SAN FRANCISCO (CBS SF) – A federal appeals court in San Francisco Monday allowed part of President Donald Trump’s third travel ban to go into effect for the time being, saying the government can bar entry from visitors from six mostly Muslim countries who have no connection to the United States.
But the 9th U.S. Circuit Court of Appeals left in place another part of a lower court order requiring the Trump administration to allow in visitors who have a close relationship with a relative or organization in the United States.
The appeals court’s action is a partial stay of a preliminary injunction issued by U.S. District Judge Derrick Watson of Honolulu that blocked almost all of the travel ban Trump issued by proclamation on Sept. 24.
U.S. Justice Department lawyers had asked for a full stay while they appeal Watson’s ruling.
The partial stay will remain in effect while a three-judge panel of the San Francisco-based 9th Circuit considers the appeal.
The panel is scheduled to hold a hearing on the appeal at its Seattle courthouse on Dec. 6 and will issue a written ruling sometime later. The court has granted the government’s request for expedited handling of the case but has no deadline for ruling.
The case concerns visitors from Chad, Iran, Libya, Somalia, Syria and Yemen. Trump’s Sept. 24 ban also applies to people from North Korea and certain groups from Venezuela, but that part of the ban was not challenged in the current lawsuit, filed by the state of Hawaii.
Hawaii Attorney General Doug Chin said in a statement, “Today’s decision closely tracks guidance previously issued by the Supreme Court. I’m pleased that family ties to the U. S., including grandparents, will be respected.
“We continue to prepare for substantive arguments before the 9th Circuit on Dec. 6 in Seattle,” Chin said.
Justice Department spokesman Lauren Ehrsam said, “We are reviewing the court’s order and the government will begin enforcing the travel proclamation consistent with the partial stay. We believe that the proclamation should be allowed to take effect in its entirety.”
The appeals court specified in its brief order that close relatives eligible for entry include grandparents, grandchildren, aunts, uncles, nephews, nieces, cousins and brothers- and sisters-in-law.
That definition comes from earlier rulings concerning Trump’s second travel ban, issued by executive order on March 6. The U.S. Supreme Court said that while the earlier ban was appealed, the government must allow entry to people with a close familial relationship.
The high court did not define close familial relationship, and the Trump administration said it should be limited to parents, parents-in-law, spouses, fiancés, children, adult sons and daughters, sons- and daughters-in-law and siblings of people in the United States.
But the 9th Circuit said in a ruling in September that it should include the larger category as well. Monday’s order applies that same definition to the preliminary injunction on Trump’s second ban.
Another judge in Maryland has also blocked most of Trump’s third ban, and the 4th U.S. Circuit Court of Appeals in Virginia is scheduled to hear arguments on the government’s appeal of that case on Dec. 10.

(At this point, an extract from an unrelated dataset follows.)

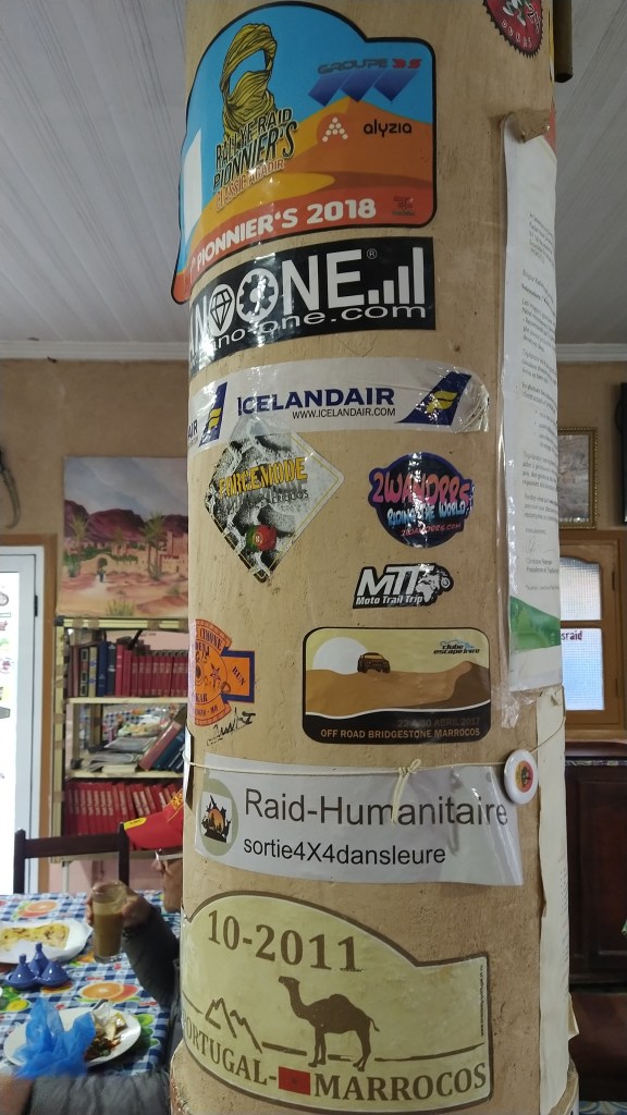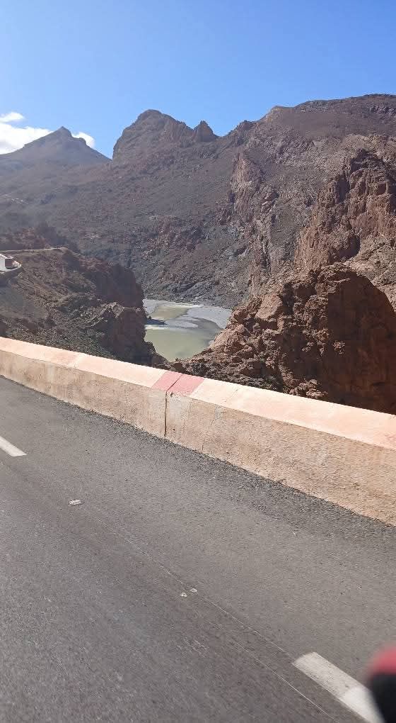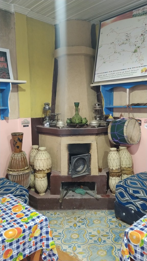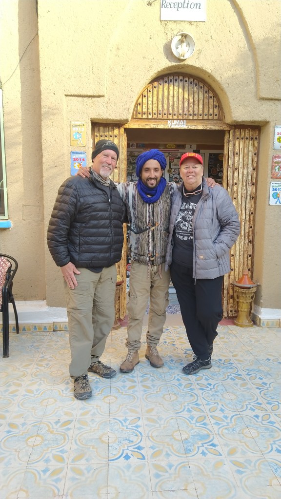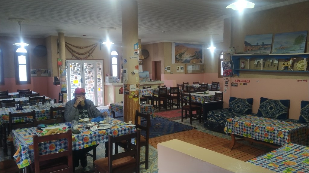 The road turned north once again in the town of Errachidia. The road would follow the Ziz River through the Ziz Gorges. The next 50 km are part of the Ziz Canyon National Park. Is defined on the south end by a large lake just north of town. I had found a camping hotel in the middle of the gorge right on the river, Kasbah Hotel Camping Jurassique. Our plan was just to spend one night. The host was a fascinating mix. His appearance combined the charisma of Rod Stewart and Geraldo Via Via from Guatemala. He gave us a room directly on the river. We shared the area with several people in the hotels and several campers. The place was so inexpensive and the views were so incredible we decided to stay two nights. They offered a free breakfast and an incredible chicken tagine, again.

Rulings by the 9th Circuit and 4th Circuit blocking the second ban were appealed to the Supreme Court, but the high court cancelled an Oct. 10 hearing on those cases and dismissed them in the wake of Trump’s Sept. 24 proclamation and renewed lawsuits.
Trump’s first ban, issued by executive order on Jan. 27, was broader and applied to visitors from seven mostly Muslim countries including Iraq and to people who were permanent U.S. residents. It too was partly blocked by the 9th Circuit, in a lawsuit filed by the state of Washington, until it was revoked by Trump’s second version of the ban.
California was among 15 states, plus the District of Columbia, that supported Hawaii with a friend-of-the-court brief in the current case.
The supporting brief argues the ban hurts the states’ public colleges and universities and “further harms our science, technology finance and tourism industries.”